→ **Data supplied**
BEGIN

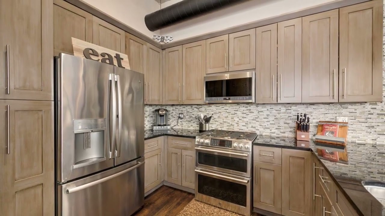 WARM CONTEMPORARY CONCRETE LOFT | Check out this handsomely designed corner 2 bed/2 bath authentic West Loop loft with massive black pane windows and exposed brick walls. The rich hardwood floors throughout the home complement the warm white stacked stone feature fireplace and concrete ceilings perfectly. The kitchen, open to the dining and living areas, offers gray wash shaker kitchen cabinets, under cabinet lighting, built-in wine fridge, french door SS refrigerator, slide in gas range, micro hood, and newer dishwasher. The master suite offers a large walk-in closet plus ensuite bath with dual vanity, designer tile, and air tub. The second bath features shower body sprays and a modern frameless glass door. Other highlights include the large, tucked-away laundry room with front-loading LG washer/dryer. This home is ready to entertain with smart lights and thermostat, dry bar, custom barn door, surround stereo and speakers. There is one indoor garage parking spot for an additional 30k. The common rooftop deck allows for relaxing, entertaining, working from home, or simply gazing at the dazzling skyline views. Easy walk to shops and restaurants on Madison Street or Restaurant Row (Randolph).
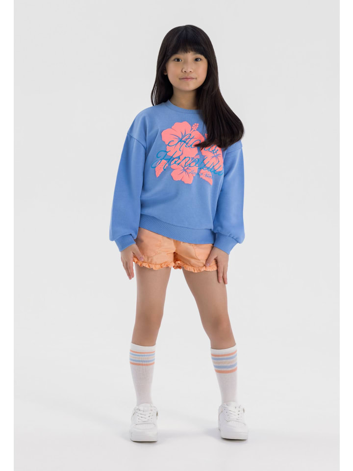 Мягкая хлопковая толстовка. Круглый вырез, рукава и подол выполнены в рубчик. Декоративный принт спереди.
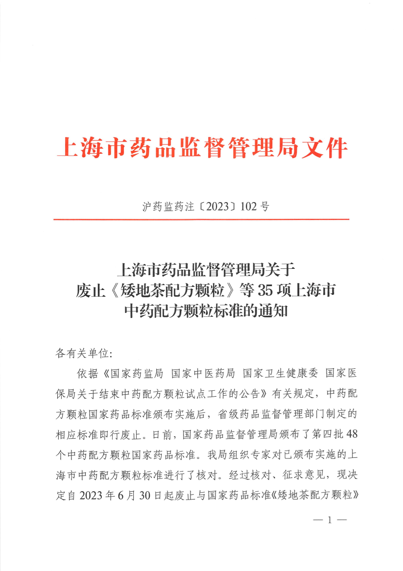 上海市药品监督管理局关于废止《矮地茶配方颗粒》等35项上海市中药配方颗粒标准的通知
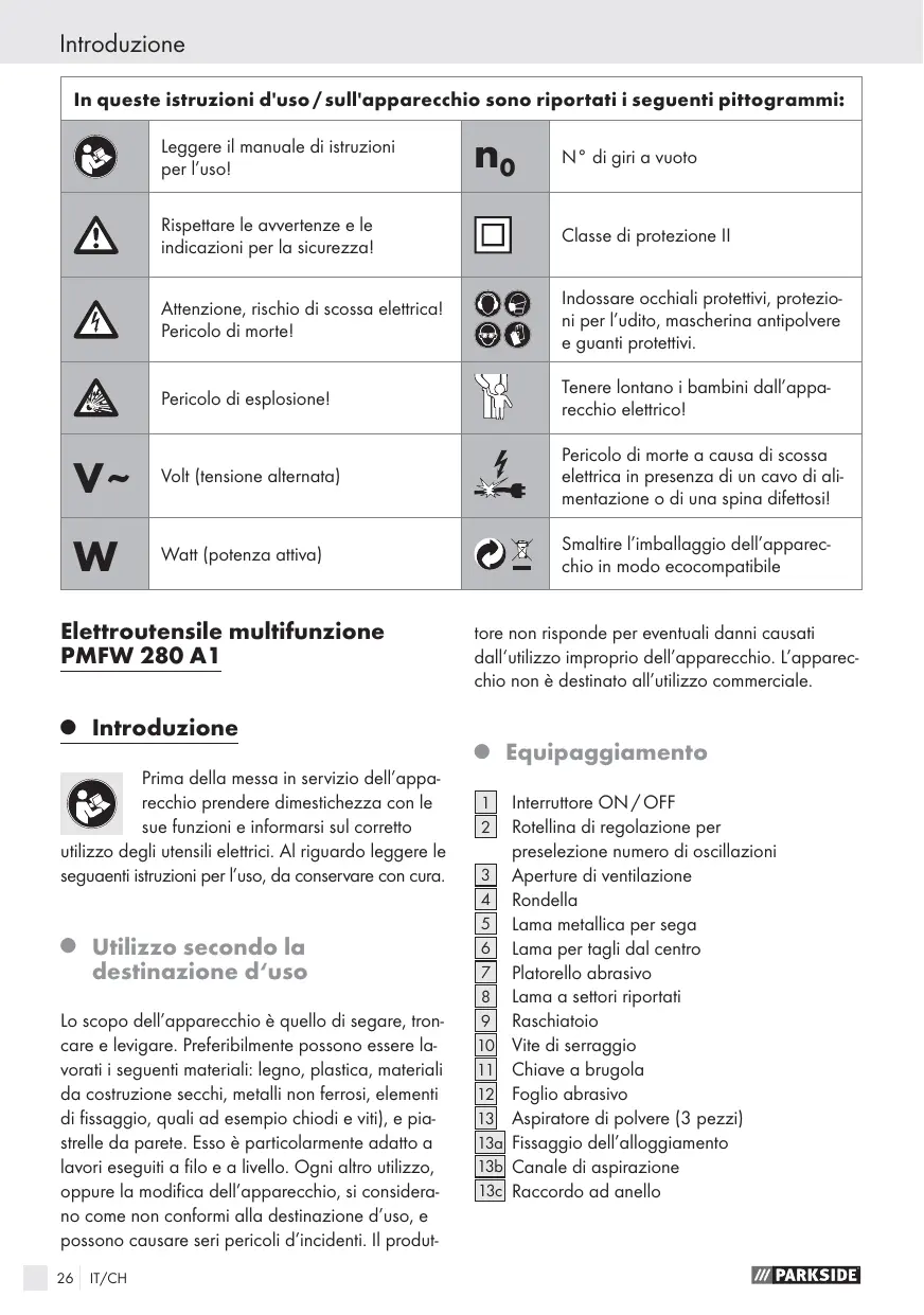 Istruzioni di sicurezza generali per utensili elettrici Pagina 27 1. Sicurezza dell’area di lavoro Pagina 2. Sicurezza elettricaPagina 3. Sicurezza delle persone Pagina 4. Utilizzo attento di dispositivi elettrici Pagina Indicazioni di sicurezza specifiche per l’attrezzo multifunzione Pagina Indicazioni relative alla lavorazione Pagina
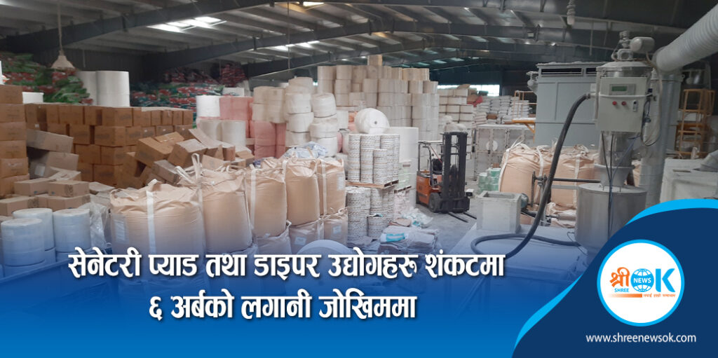 सरकारी गलत नीतिका कारण नेपालका सेनेटरी प्याड र डाइपर बनाउने उद्योगहरु शंकटग्रस्त अवस्थामा पुगेका छन् । सरकारले चालु आर्थिक वर्षको बजेटबाट लागु हुने गरी तयारी सेनेटरी प्याड र डाइपर तथा त्यो बनाउन प्रयोग हुने कच्चा पदार्थको भन्सार मूल्य एकै दर कायम हुँदा स्वदेशी उत्पादनले बिशेष गरी भारतीय उत्पादनसँग प्रतिष्पर्धा गर्न नसक्दा अहिले उद्योगहरु संकटमा पुगेको नेपाल सेनेटरी प्याड तथा वेवी डाइपर उत्पादन संघका अध्यक्ष डोलप्रसाद अधिकारीले बताए ।

END

→ **Task requirements**
If pictures appear in the data, do not print them; repeat the rest exactly.

→ **Result of this task**
 WARM CONTEMPORARY CONCRETE LOFT | Check out this handsomely designed corner 2 bed/2 bath authentic West Loop loft with massive black pane windows and exposed brick walls. The rich hardwood floors throughout the home complement the warm white stacked stone feature fireplace and concrete ceilings perfectly. The kitchen, open to the dining and living areas, offers gray wash shaker kitchen cabinets, under cabinet lighting, built-in wine fridge, french door SS refrigerator, slide in gas range, micro hood, and newer dishwasher. The master suite offers a large walk-in closet plus ensuite bath with dual vanity, designer tile, and air tub. The second bath features shower body sprays and a modern frameless glass door. Other highlights include the large, tucked-away laundry room with front-loading LG washer/dryer. This home is ready to entertain with smart lights and thermostat, dry bar, custom barn door, surround stereo and speakers. There is one indoor garage parking spot for an additional 30k. The common rooftop deck allows for relaxing, entertaining, working from home, or simply gazing at the dazzling skyline views. Easy walk to shops and restaurants on Madison Street or Restaurant Row (Randolph).
 Мягкая хлопковая толстовка. Круглый вырез, рукава и подол выполнены в рубчик. Декоративный принт спереди.
 上海市药品监督管理局关于废止《矮地茶配方颗粒》等35项上海市中药配方颗粒标准的通知
 Istruzioni di sicurezza generali per utensili elettrici Pagina 27 1. Sicurezza dell’area di lavoro Pagina 2. Sicurezza elettricaPagina 3. Sicurezza delle persone Pagina 4. Utilizzo attento di dispositivi elettrici Pagina Indicazioni di sicurezza specifiche per l’attrezzo multifunzione Pagina Indicazioni relative alla lavorazione Pagina
 सरकारी गलत नीतिका कारण नेपालका सेनेटरी प्याड र डाइपर बनाउने उद्योगहरु शंकटग्रस्त अवस्थामा पुगेका छन् । सरकारले चालु आर्थिक वर्षको बजेटबाट लागु हुने गरी तयारी सेनेटरी प्याड र डाइपर तथा त्यो बनाउन प्रयोग हुने कच्चा पदार्थको भन्सार मूल्य एकै दर कायम हुँदा स्वदेशी उत्पादनले बिशेष गरी भारतीय उत्पादनसँग प्रतिष्पर्धा गर्न नसक्दा अहिले उद्योगहरु संकटमा पुगेको नेपाल सेनेटरी प्याड तथा वेवी डाइपर उत्पादन संघका अध्यक्ष डोलप्रसाद अधिकारीले बताए ।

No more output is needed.